---- Working data

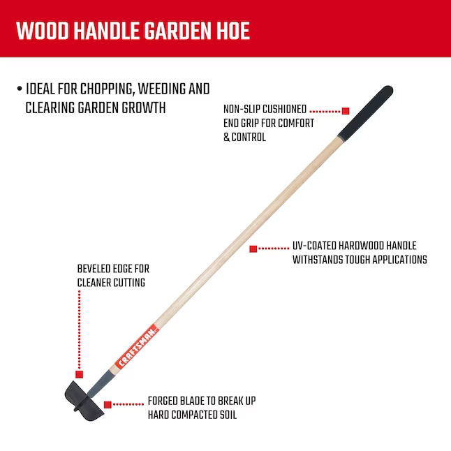 The CRAFTSMAN wood handle garden hoe is ideal for chopping, weeding and clearing garden growth. The beveled blade edge results in a cleaner cut, while the forged blade head and steel connection add durability to the garden hoe. The CRAFTSMAN® garden hoe is a must own for any gardener completing fall clean-up or building a garden bed.
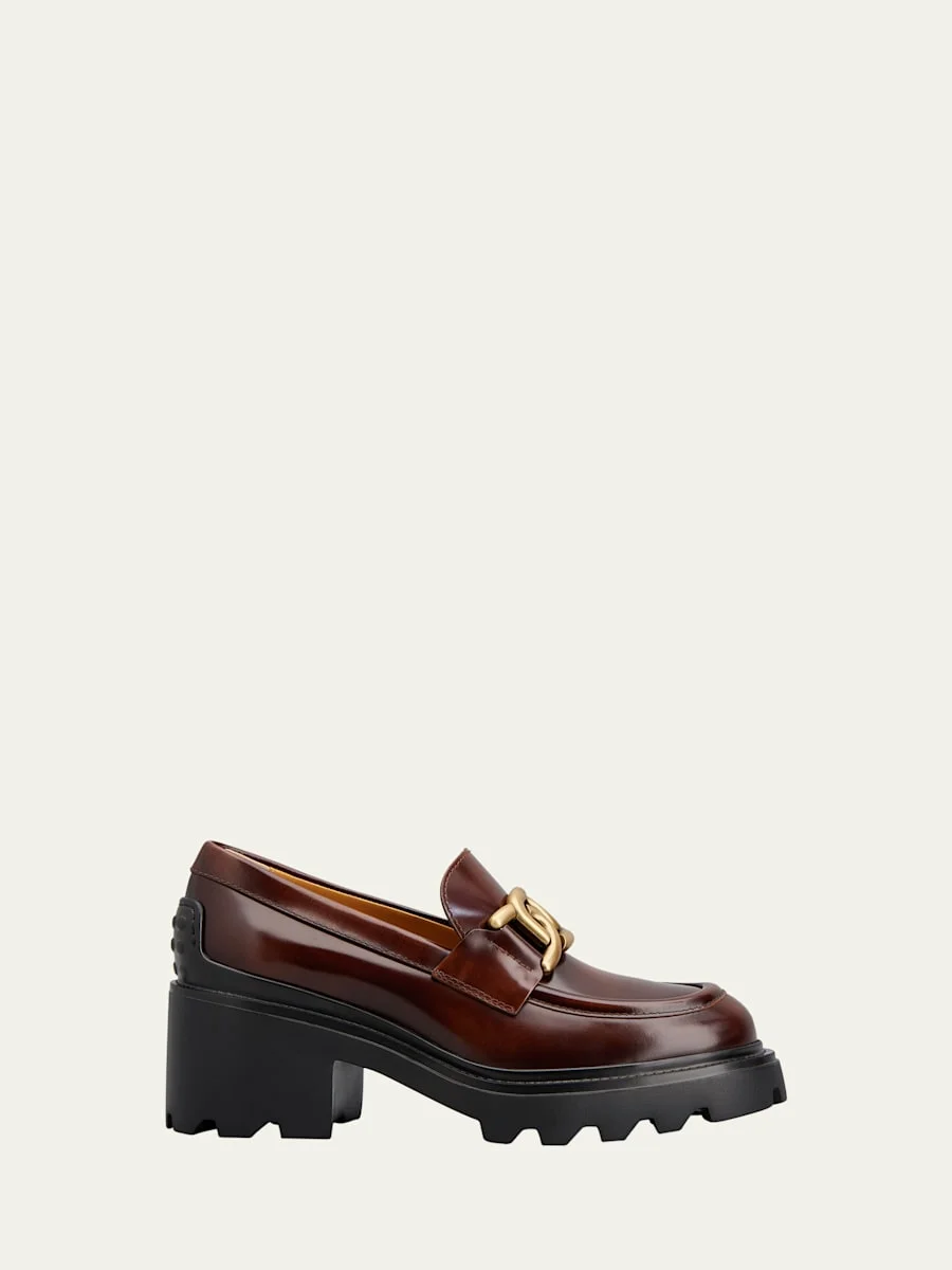 Tod's sleek leather casual loafers with chain accent 2.36 in / 60 mm block heel Round moc toe Notched vamp Slipon style Rubber outsole Lining: Leather Made in Italy
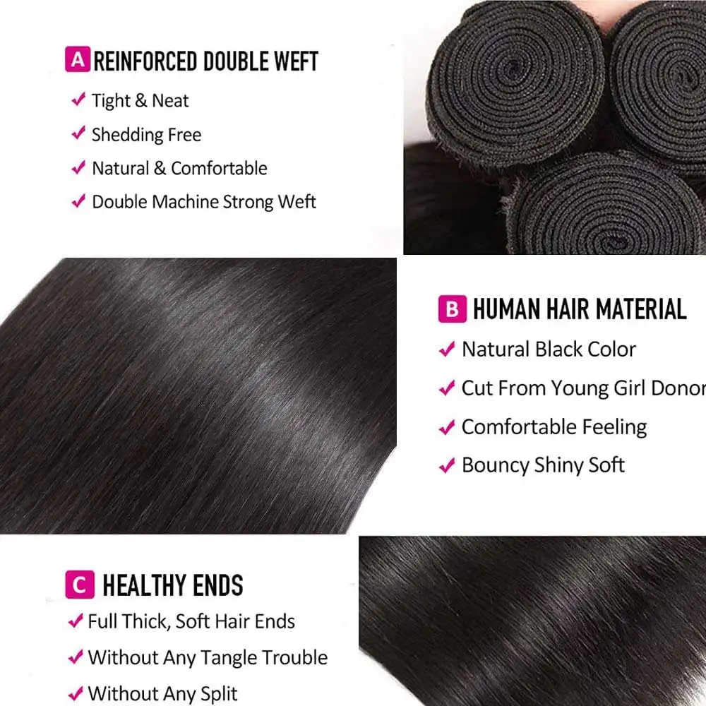 Human Hair 36 40 Inch Bone Straight Raw Hair Human Hair Bundles Extensions 1 3 4 Bundle Black Brazilian Remy Weave Bundles
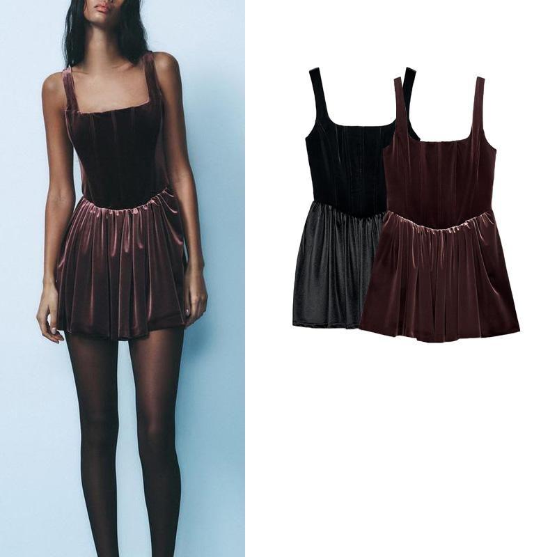 Fall and Winter New Women's Clothing Velvet Ruched Corset Short Dress 4764287 9194072
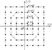 2、画出矩形 QAM 信号的空间图,虚线代表不同的 M 值的边界。
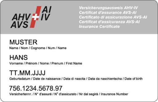 Toute personne assurée en Suisse doit être en possession d’un numéro de sécurité sociale comportant 13 chiffres. Le numéro AVS apparaît habituellement sur la carte d'assurance-maladie. Pour les personnes qui ne possèdent pas de carte d’assurance-maladie ou qui sont en possession d’une telle carte sans le numéro AVS, la Caisse de compensation peut établir un certificat d’assurance AVS. Celui-ci atteste votre inscription au Registre des assurés AVS/AI. Conservez-le soigneusement.
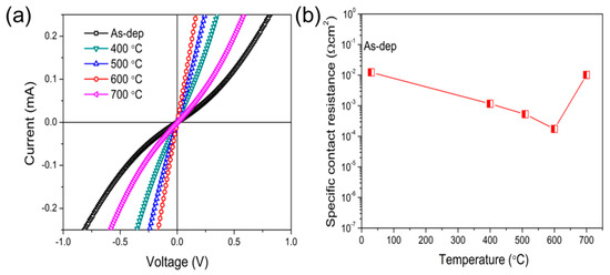 (a) Current–voltage (I–V) curves of the PdAl/Au metal stack contacts to p-AlGaN as a function of annealing temperature. (b) Specific contact resistance (ρc) as a function of annealing temperature of PdAl/Au/p-AlGaN ohmic contacts.

--------

Description of the task -> With the pictures omitted, copy the entries above exactly from the line containing "Tod's sleek leather" through the line containing "2、画出矩形 QAM 信号的空间图,虚线代表不同的 M 值的边界。", both lines included.

Answer ->
 Tod's sleek leather casual loafers with chain accent 2.36 in / 60 mm block heel Round moc toe Notched vamp Slipon style Rubber outsole Lining: Leather Made in Italy
 Human Hair 36 40 Inch Bone Straight Raw Hair Human Hair Bundles Extensions 1 3 4 Bundle Black Brazilian Remy Weave Bundles
 Fall and Winter New Women's Clothing Velvet Ruched Corset Short Dress 4764287 9194072
 2、画出矩形 QAM 信号的空间图,虚线代表不同的 M 值的边界。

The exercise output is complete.